My math starts getting pretty shaky around Calculus; vector calculus is beyond me.
I did about half the machine learning class from coursera, andrew ng's. Machine learning is conceptually much simpler than one would guess; both gradient descent and the shallow-neural network type; and in fact it is actually pretty simple to get basic things to work.
I agree with the author that the notation, etc, can be quite intimidating vs what is "really going on".
however, applied machine learning is still friggin' hard; at least to me; and I consider myself a pretty decent programmer. Naive solutions are just unusable in almost any real application, and the author's use of loops and maps are great for teaching machine learning; but everything needs to be transformed to higher level vector/matrix problems in order to be genuinely useful.
That isn't unattainable by any means; but the fact remains (imho) that without the strong base in vector calculus and idiosyncratic techniques for transforming these problems into more efficient means of computations; usable machine learning is far from "easy".

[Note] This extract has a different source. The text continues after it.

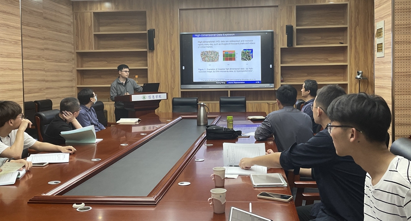 报告结束,王玉龙教授和在场师生就原子表示分类及应用方面进行深入探讨。张红雨老师提出人工智能与生物智能的关系和进化过程,胡学海老师、牛晓辉老师、倪福川老师就该问题进行了讨论。胡学海对原子表示分类框架展现浓厚兴趣,并询问在实际应用中最优原子集的选择问题,王玉龙老师就该问题给出详细答复。有学生咨询王老师关于原子表示分类与统计学习理论中Rademacher的关系,王老师给出详细解释。最后,周雄辉老师仔细询问了原子表示分类方法在多组学分析中的应用问题,王玉龙非常肯定了该想法,并认为机器学习方法在多组学分析中有重要的应用价值和前景。本次学术研讨在轻松愉悦的自由交流环节结束。
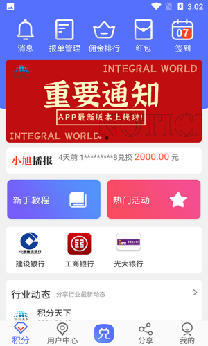 小旭积分天下App,帮助用户将自己手中的信用卡积分兑换成现金,各大银行信用卡统统支持,避免用户浪费自己的积分,积少成多换成现金不错哦!

That being said there are plenty of barriers to a software engineer picking up some papers on machine learning and getting started. These are the result of some serious issues that I believe exist with academia at present and specifically the "publication game". I will not however get into this as this comment will quickly turn into the longest paper I've ever written. It is a problem with the system, and as the reader it is not your fault.

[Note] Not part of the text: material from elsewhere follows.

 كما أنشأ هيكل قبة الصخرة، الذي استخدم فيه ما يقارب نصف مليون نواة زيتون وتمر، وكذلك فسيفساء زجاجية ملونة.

Your issue with applied machine learning may be largely imagined. Take for example the k-means clustering algorithm in the article. This is quite useful in a number of places be it data analysis or intelligent user interfaces, its straightforward to implement, and many usable implementations exist online. The same case is true for other models such as linear regression, naive bayes, even things like support vector machines are pretty easy to use these days.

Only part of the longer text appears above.